Top of Excerpted data

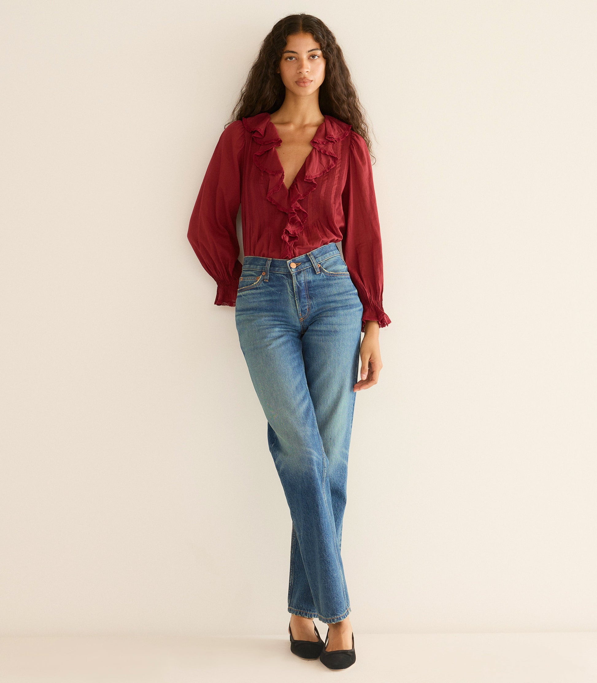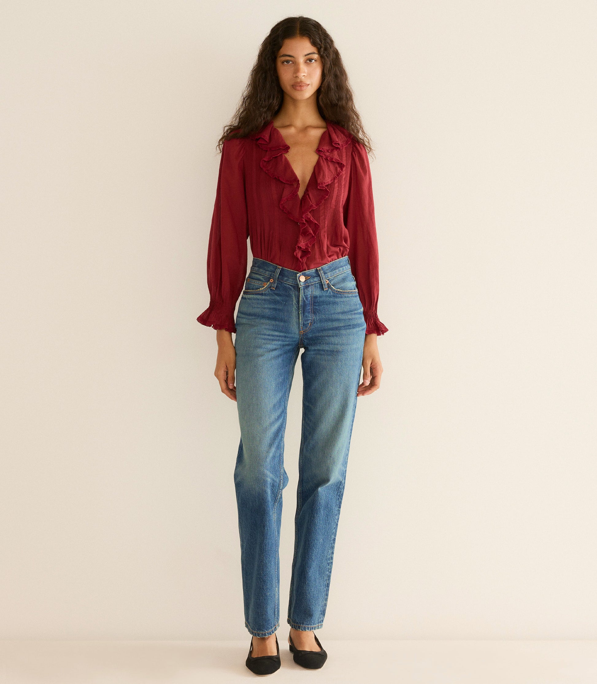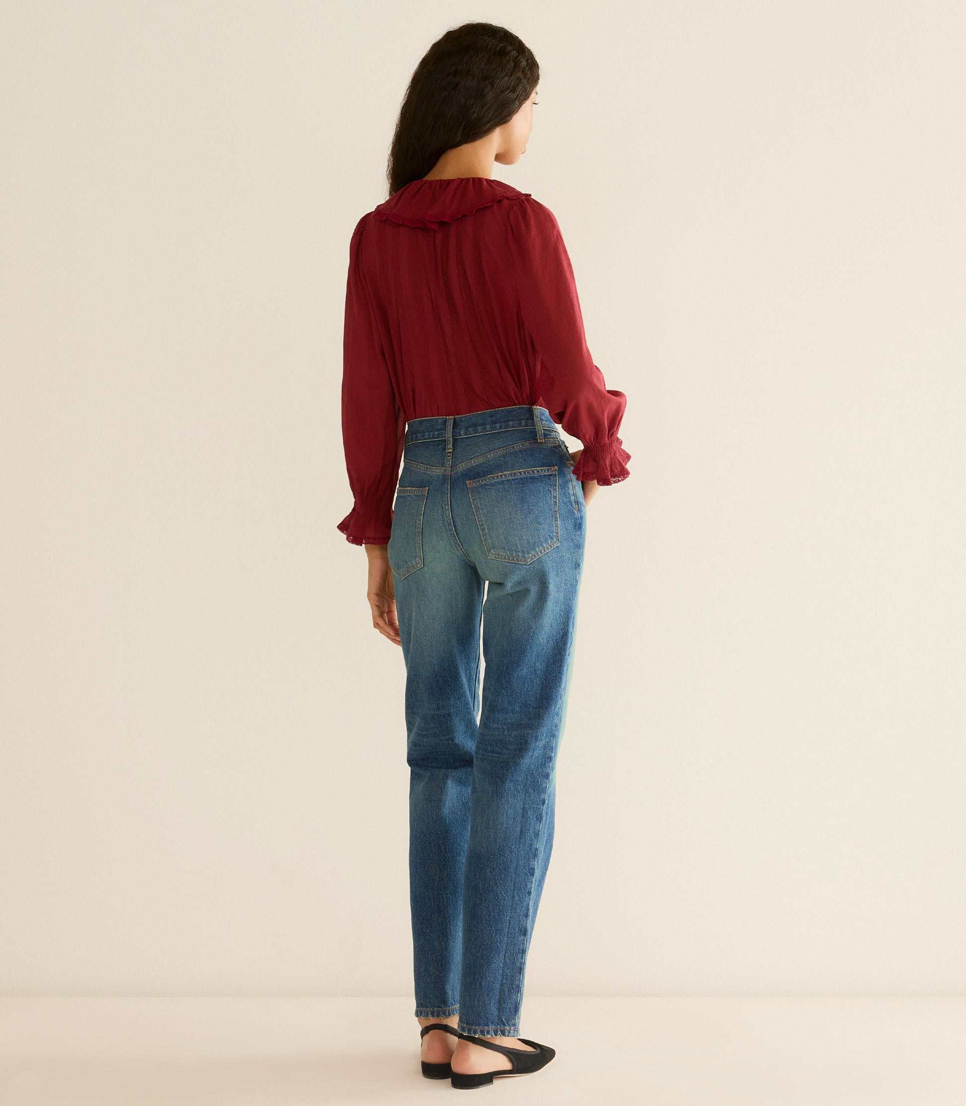 Our classic Diana Jean, now in dark-rinsed Villefort Wash organic cotton denim. It features a high rise, straight leg, pointed back pockets, and a button fly.
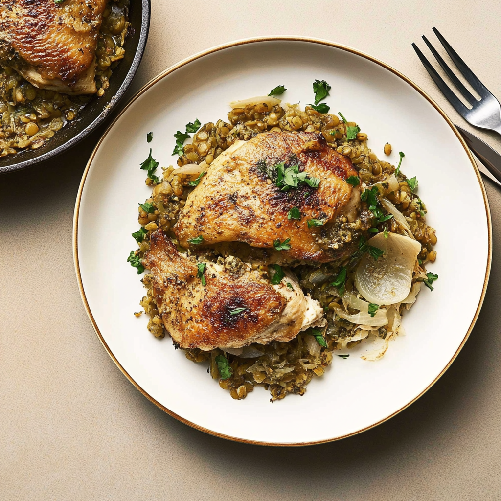 Start by marinating the chicken in za’atar while preparing the lentils. Sear the chicken skin-side down first for ultimate crispiness. Cook lentils until tender, then toss in fresh herbs and spices just before serving.
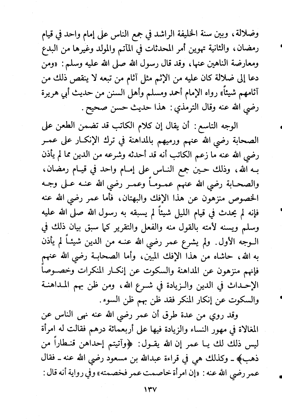 وضلالة, وبين سنة الخليفة الراشد في جمع الناس على إمام واحد في قيام رمضان, والثانية تهوين أمر المحدثات في المآتم والمولد وغيرها من البدع ومعارضة الناهين عنها, وقد قال رسول الله - صلى الله عليه وسلم -: «ومن دعا إلى ضلالة كان عليه من الإثم مثل آثام من تبعه لا ينقص ذلك من آثامهم شيئاً» رواه الإمام أحمد ومسلم وأهل السنن من حديث أبي هريرة رضي الله عنه وقال الترمذي: هذا حديث حسن صحيح.
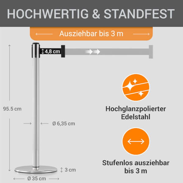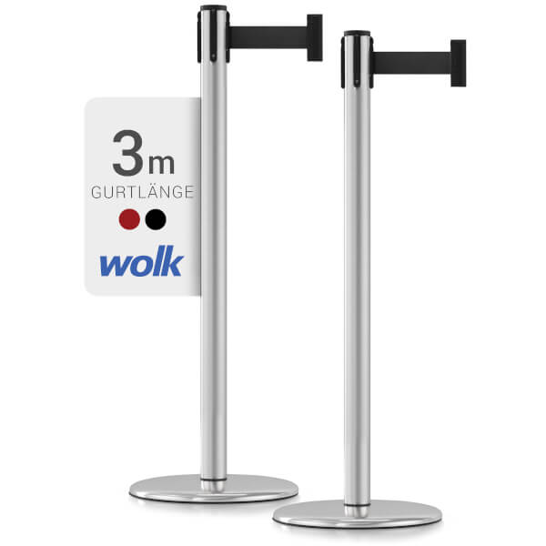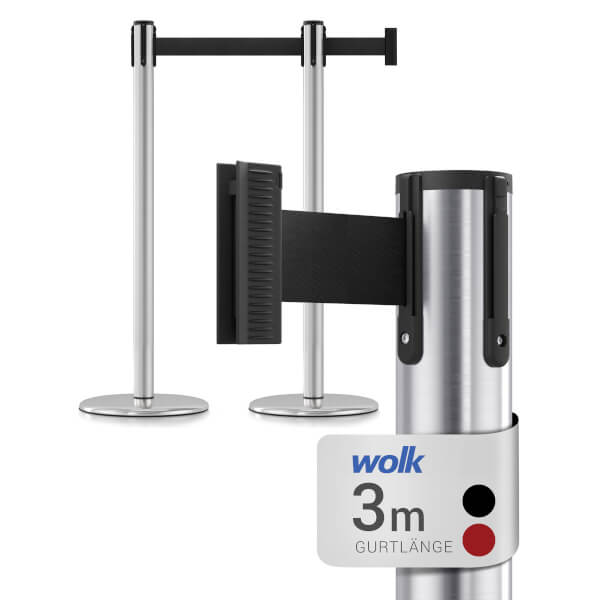 Der zeitlos designte wolk® Edelstahl-Absperrpfosten eignet sich ideal für das zuverlässige Absperren und Leiten von Menschenmengen oder abgesperrten Bereichen.
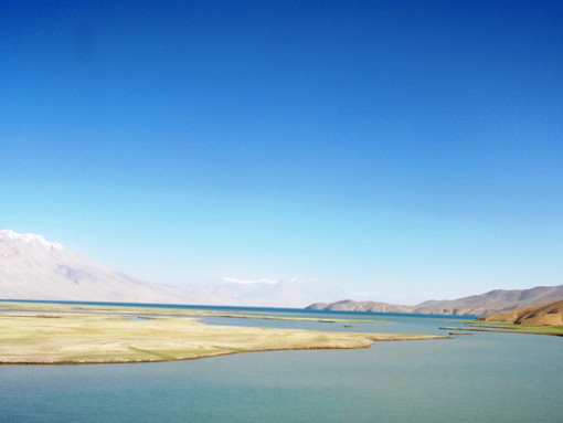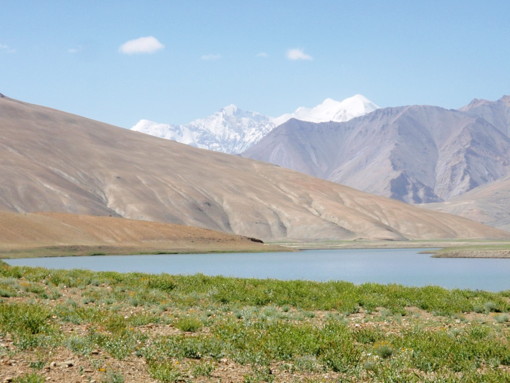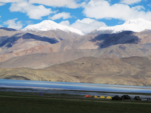 Karzok村の東に広がるツオー・モリリ湖は、澄み切った青い水が広がる素晴らしい景観の湖である。大きなケルンがあって展望台になっているZalung迄は車道がついている。青々としたツオー・モリリ湖の東岸には、1995年にインドHimalayan ClubのHaris Kapadiaさん達によって初登頂されたこの山域で最も高いLungser Kangri (6666m)とChhamser Kangri (6623m)が聳える。馬方達の話では、Lungser Kangriの麓にインド軍の駐屯所が出来たため、2年前からこの2山への外国人の登山は禁止になっていると言う。

Bottom of Excerpted data

> [What to work on]:
What you write must match, line for line, the records from the line containing "Der zeitlos designte" through the last line, with every picture left out.

> [Problem solution]:
 Der zeitlos designte wolk® Edelstahl-Absperrpfosten eignet sich ideal für das zuverlässige Absperren und Leiten von Menschenmengen oder abgesperrten Bereichen.
 Karzok村の東に広がるツオー・モリリ湖は、澄み切った青い水が広がる素晴らしい景観の湖である。大きなケルンがあって展望台になっているZalung迄は車道がついている。青々としたツオー・モリリ湖の東岸には、1995年にインドHimalayan ClubのHaris Kapadiaさん達によって初登頂されたこの山域で最も高いLungser Kangri (6666m)とChhamser Kangri (6623m)が聳える。馬方達の話では、Lungser Kangriの麓にインド軍の駐屯所が出来たため、2年前からこの2山への外国人の登山は禁止になっていると言う。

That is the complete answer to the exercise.